Чуйко В. И. [(1857—1941). Автобиография написана в январе 1926 г. в Иркутске.] — Родился я 9 апреля 1857 г. в губ. городе Житомире Волынской губ., в семье незначительного чиновника.

Дед мой по отцу был родом из местечка Золотоноши Полтавской губ., дожил до глубокой старости и не умел говорить по-русски, хотя и был русским чиновником.

В качестве русского чиновника он и отец фамилию свою писали с "в" на конце, так писался и я вплоть до выхода на поселение, когда Забайкальское областное правление и Кенонское волостное правление, куда я был приписан по отбытии каторги, при выдаче мне паспорта стали писать мою фамилию без "в" на конце, чему я не прекословил.

Считаю необходимым сделать эту оговорку.

Мать моя, Розалия Викентьевна Саноцкая, была украинка-полька.

Как во всех семьях юго-западного края того времени, в нашей семье сперва господствовал разговорный польский язык. Я помню, как отец и мать, проснувшись утром и лежа еще в постелях, благочестиво распевали утренние гимны на польском языке. На праздники Рождества и Пасхи к нам собирались бабушки, тетушки и знакомые; попив, поев, чинно усаживались и принимались распевать хором приличные случаю священные гимны, и тоже на польском языке. Как благовоспитанный мальчик я должен был подходить к ручкам всех присутствующих дам. Занятый службой, отец мало обращал на нас внимания.
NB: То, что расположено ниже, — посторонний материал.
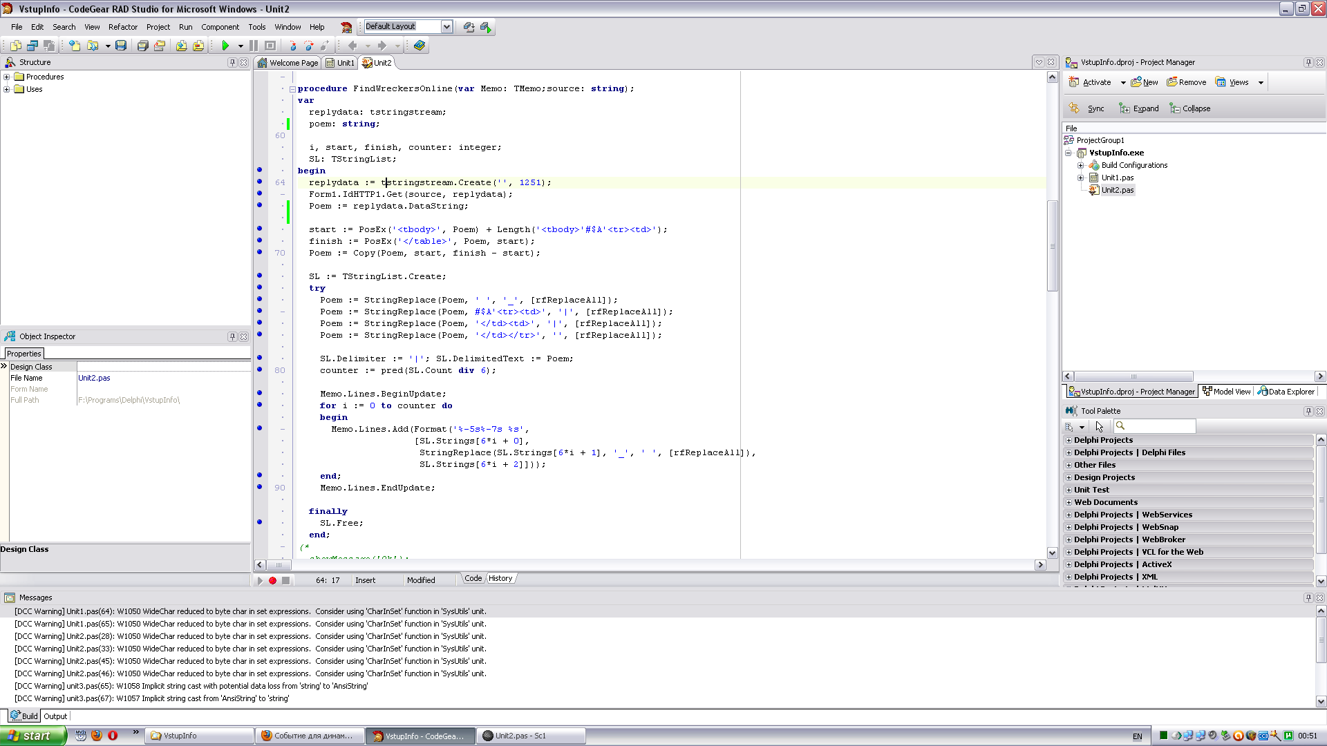 Так что Дельфи 2009 обрабатывает совершенно нормально мой код (предупреждения о CharInSet - не в счет, я их пока не исправлял, и они выше по тексту)

Все заботы о нас лежали на матери, которая нежно любила нас, заботилась о нас и, не получившая сама особого воспитания, все хлопотала о том, чтобы нас подготовить для дальнейшего образования, когда мы подросли.

Не помню, чтобы она когда-нибудь меня наказывала, может быть и потому, что в детстве я был хилым, болезненным.

Она же научила меня читать и писать.

Начал я себя помнить очень рано. Первые смутные и отрывочные воспоминания относятся к тому времени, когда мне было не более 4-х лет. Совершенно ясно помню некоторые эпизоды из времени польского восстания.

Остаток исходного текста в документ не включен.